**Information provided**
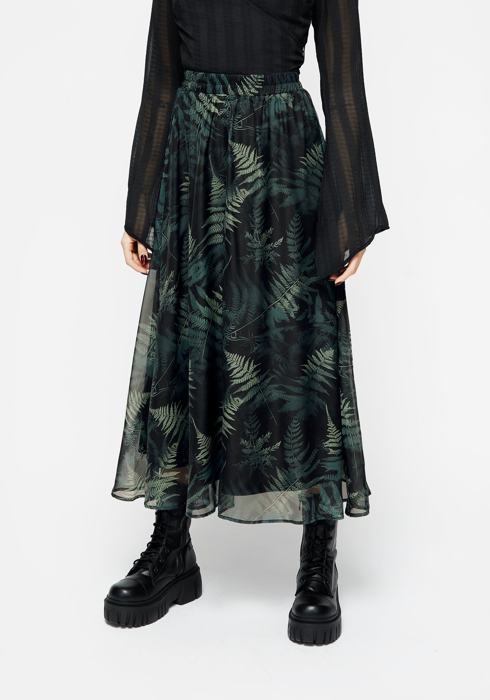 - Midaxi-length skirt falls from gathered waistband in soft pleats
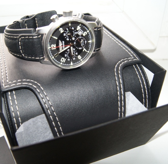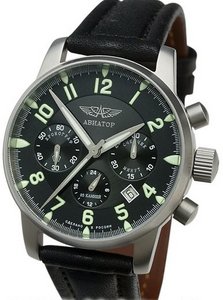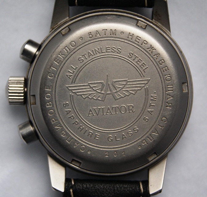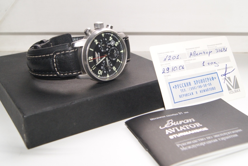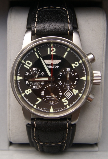 Модель в стиле традиционных авиационных часов, диаметр 41 мм., родной «Полетовский» механизм 31681 с ручным заводом, с хронографом и календарем, указателем времени суток, матовый корпус, сапфир, на стрелках суперлюминова, часы номерные.
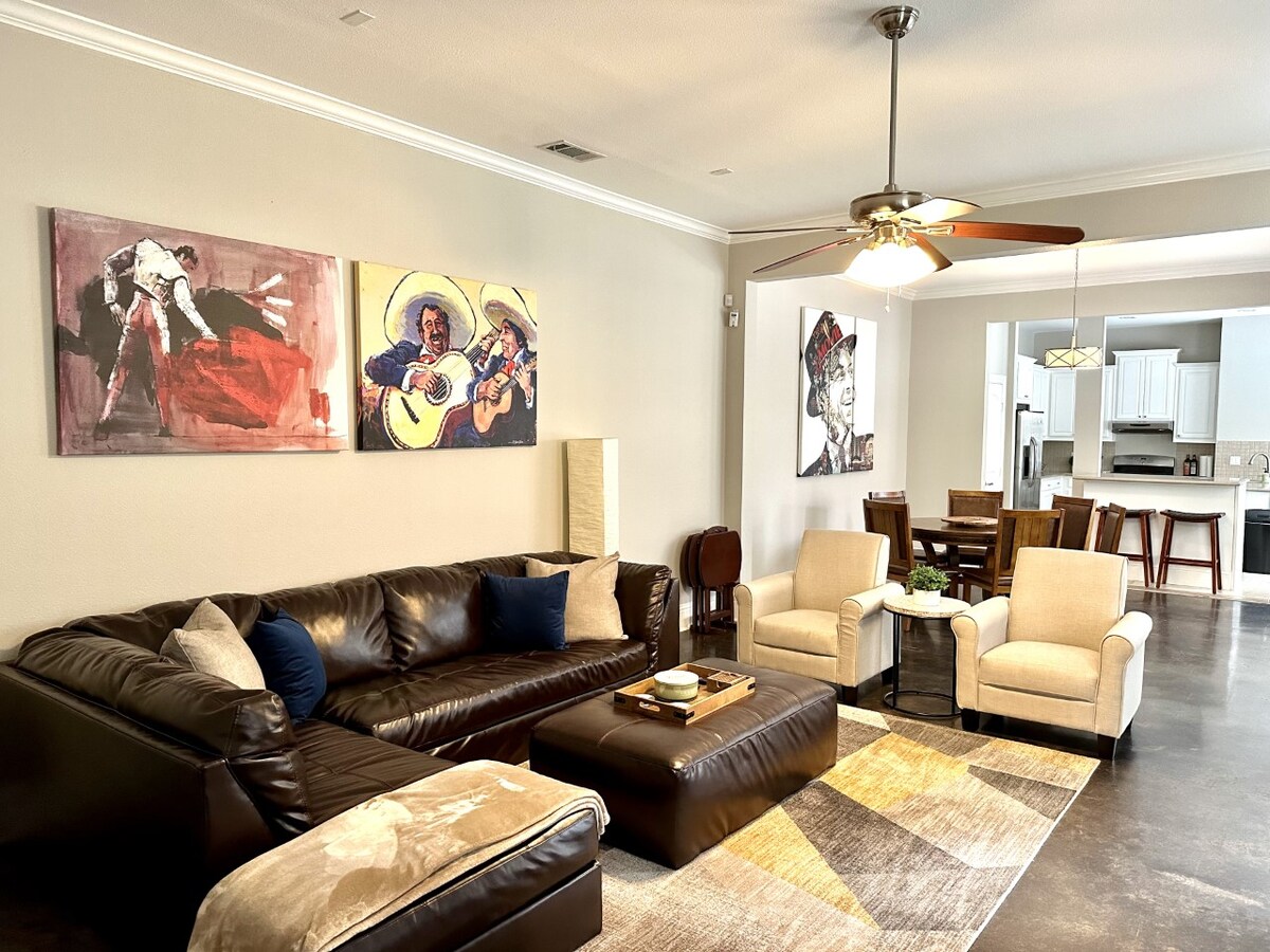 Otkrijte modernu eleganciju našeg doma samo nekoliko minuta od centra Dalasa! Ovaj elegantni smještaj prikladan za porodice spaja vrhunski dizajn sa živopisnim detaljima, uključujući tropske tapete i punu igraonicu sa video igrama, skee-ball, vazdušni hokej i stoni fudbal. Opustite se u novoj hidromasažnoj kadi, opustite se u visećoj ležaljci, večerajte u dvorištu ili vježbajte u teretani kod kuće. Raspored otvorenog koncepta, prirodno svjetlo i profesionalna kuhinja čine ga savršenim za porodice i prijatelje da se okupljaju i stvaraju uspomene.

**Assignment**
What's needed is a word-for-word retyping of the listing, minus its pictures.

**Exercise response**
 - Midaxi-length skirt falls from gathered waistband in soft pleats
 Модель в стиле традиционных авиационных часов, диаметр 41 мм., родной «Полетовский» механизм 31681 с ручным заводом, с хронографом и календарем, указателем времени суток, матовый корпус, сапфир, на стрелках суперлюминова, часы номерные.
 Otkrijte modernu eleganciju našeg doma samo nekoliko minuta od centra Dalasa! Ovaj elegantni smještaj prikladan za porodice spaja vrhunski dizajn sa živopisnim detaljima, uključujući tropske tapete i punu igraonicu sa video igrama, skee-ball, vazdušni hokej i stoni fudbal. Opustite se u novoj hidromasažnoj kadi, opustite se u visećoj ležaljci, večerajte u dvorištu ili vježbajte u teretani kod kuće. Raspored otvorenog koncepta, prirodno svjetlo i profesionalna kuhinja čine ga savršenim za porodice i prijatelje da se okupljaju i stvaraju uspomene.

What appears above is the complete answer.